The 51-km Bhuri Gaun-Telpani road (Bhurigau-Telpani-Bangesimal), linking Birendranagar, the provincial capital of Karnali Province, to Bhuri Gaun in Bardiya District of Lumbini Province was opened in 1968 but never paved. The route was not so important for people as it passes through jungle of Bardiya National Park.

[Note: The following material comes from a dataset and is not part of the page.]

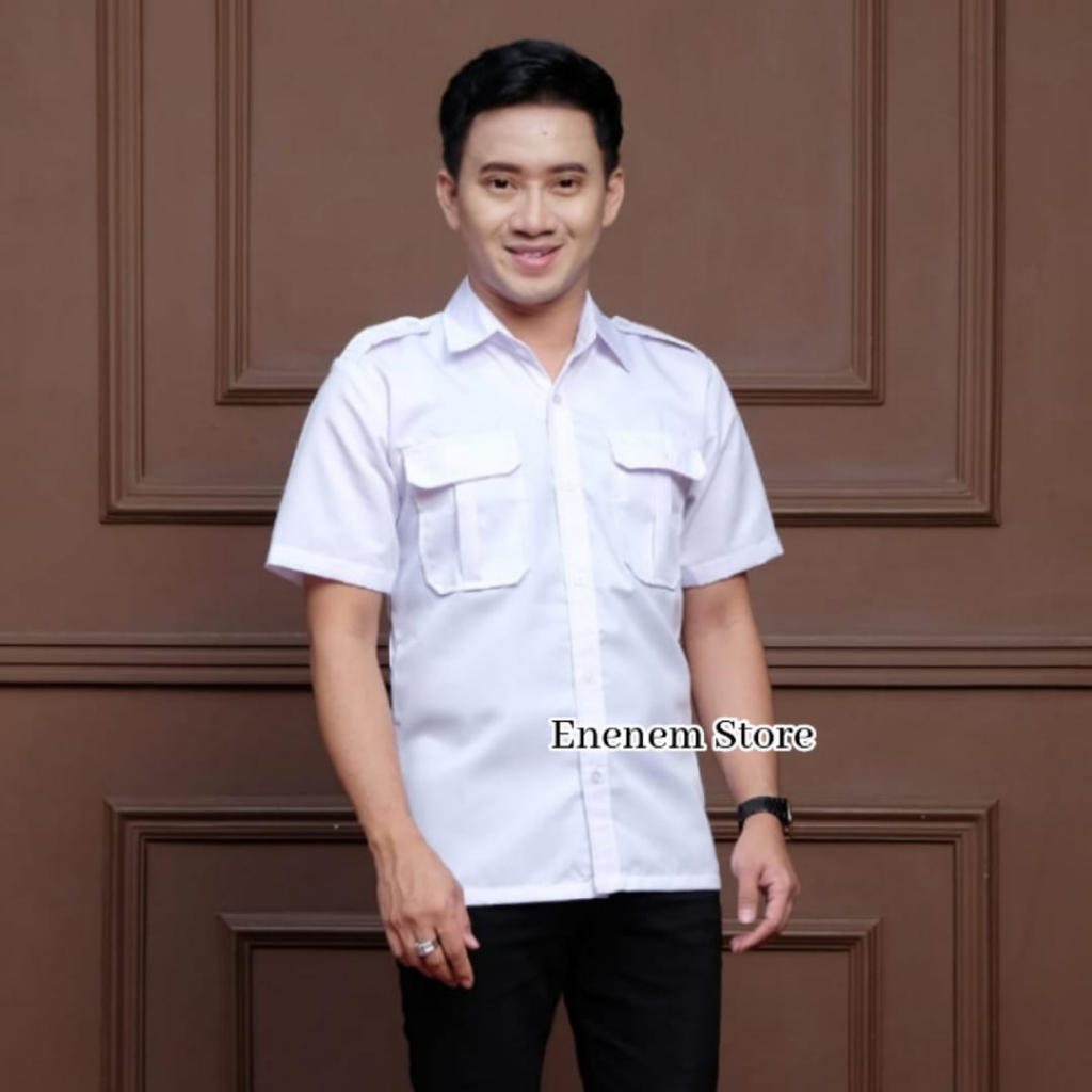 Seragam PDH Pria Putih Lengan Panjang Baju DinasPutih Pria Japan Drill Baju Dinas Pegawai Satpam
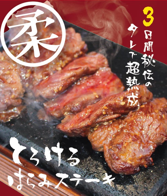 独自の調理技術と秘伝のタレで仕上げた「とろけるハラミステーキ」は、旨みが凝縮されていながら、まるでとろけるような柔らかさが特徴で、品薄になるほど大好評のメニューです。

Also the park authorities had banned construction of a road inside the park but after interfere of apex court the upgradation of road is going to take place.

The federal government has earmarked Rs. 200 million for the Mahabu road section of the district headquarters. the road connecting Kalikot and Jumla via Surkhet-Upper Dugeshwor, Dullu-Bhairabi-Kalikot and Jumla is being built by the Provincial and the Central governments.